The thinking behind "4 times 5 is 12, and 4 times 6 is 13, and 4 times 7 is-oh dear! I shall never get to 20 at that rate!" from Alice in Wonderland?

This blog has a suggestion

The idea is that she is doing calculations in base 10 but the answers are coming out in different bases ...

$4 \times 5 = 12 $ ( in base 18 )
$4 \times 6 = 13 $ ( in base 21 )
$4 \times 7 = 14 $ ( in base 24 )

So she is expressing $4n$ in base $3+3n$

indeed she can't get to 20 that way - if she could, $n$ would be a solution to $4n=6+6n$ which has solution $n=-3$

In theory there are other possibilities...

Imagine that

$$x\circ y=5x-8^{6-y}7^{y-5}$$

and it reads as $x$ times $y$.

So,

$$4\circ y=20-8^{6-y}7^{y-5}.$$

In concreto $$4\circ 5=20-8\cdot7^{0}=12 \text{ and } 4\circ 6=20-8^{0}7^{1}=13$$

(and $4\circ 7=20-8^{-1}7^{2}=20-\frac{49}8...)$

PS: It can be shown easily that $x\circ y$ $(y=5,6,7,...)$ will never reach $4x$.
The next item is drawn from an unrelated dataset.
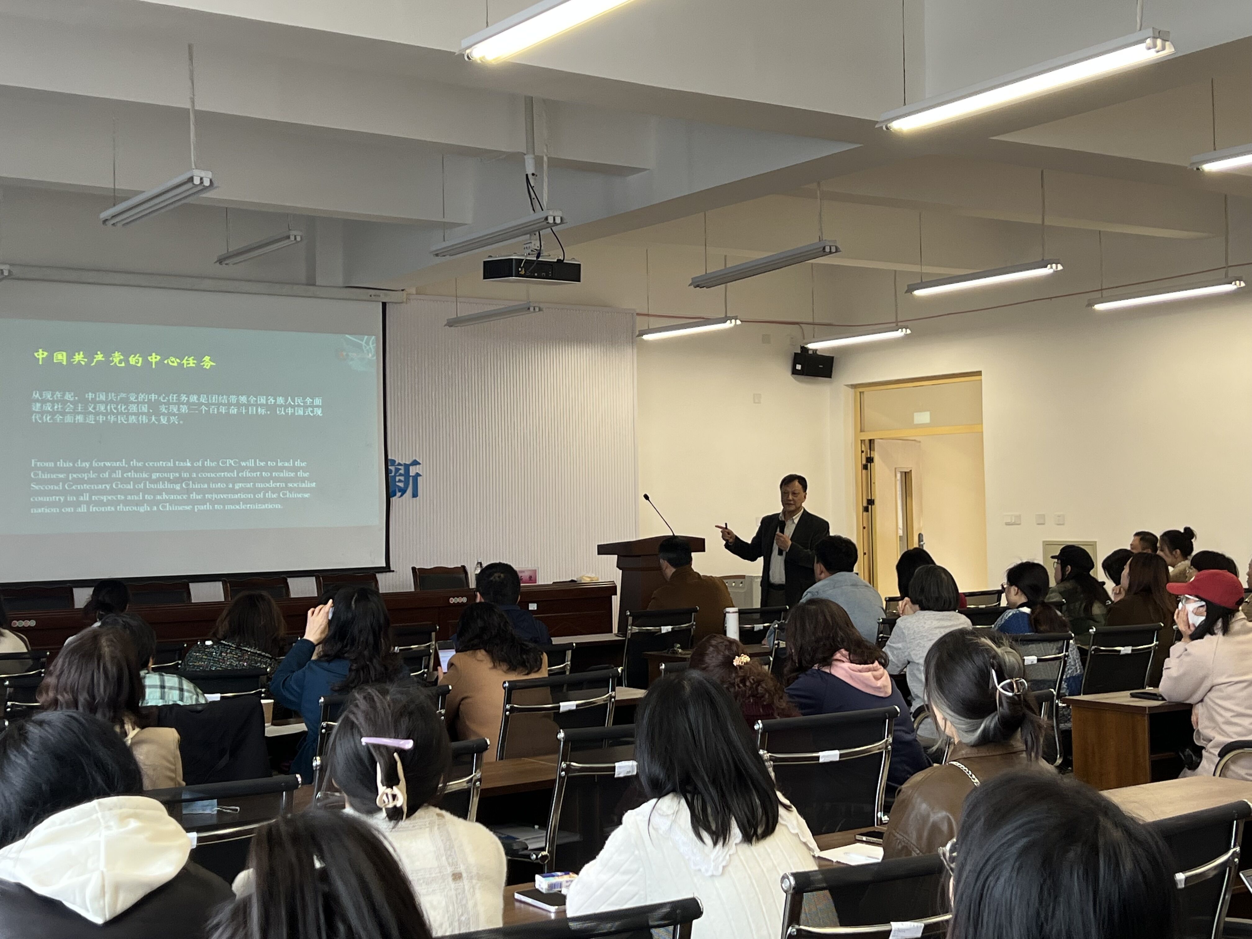 在讲座中,石坚教授用亲身经历来阐述育人理念,他强调在外语教育中,课程思政育人要将课程思政与学科优势结合起来,将立德树人与国家意识结合起来。结合“一带一路”倡议,他指出外语文学教育具有独特优势,可深挖课程内涵,引导员工坚定文化自信。他论述了课程思政的学科统筹,指出教学中应“因材施教”,以心、情、智、意育人。并强调育人出自细节,外语教育应培养员工的“读、写、思、辨(辩)、创”能力,培养有家国情怀的社会主义建设者和接班人,真正做到培根铸魂、启智润心。最后,石教授提出:人文教育的核心在于教师,教师需完成从讲课教师到育人导师的角色转变,实现师生共同进步。

We have $4\cdot 5=20,\ldots ,4\cdot 10=40$. Assuming that one "has to stop" there (because one does stop there in elementary school), it would correspond to $12,13,14,15,16$ and $17$ in the "wrong" counting. So we will never reach $20$. Of course, there are many other possibilities.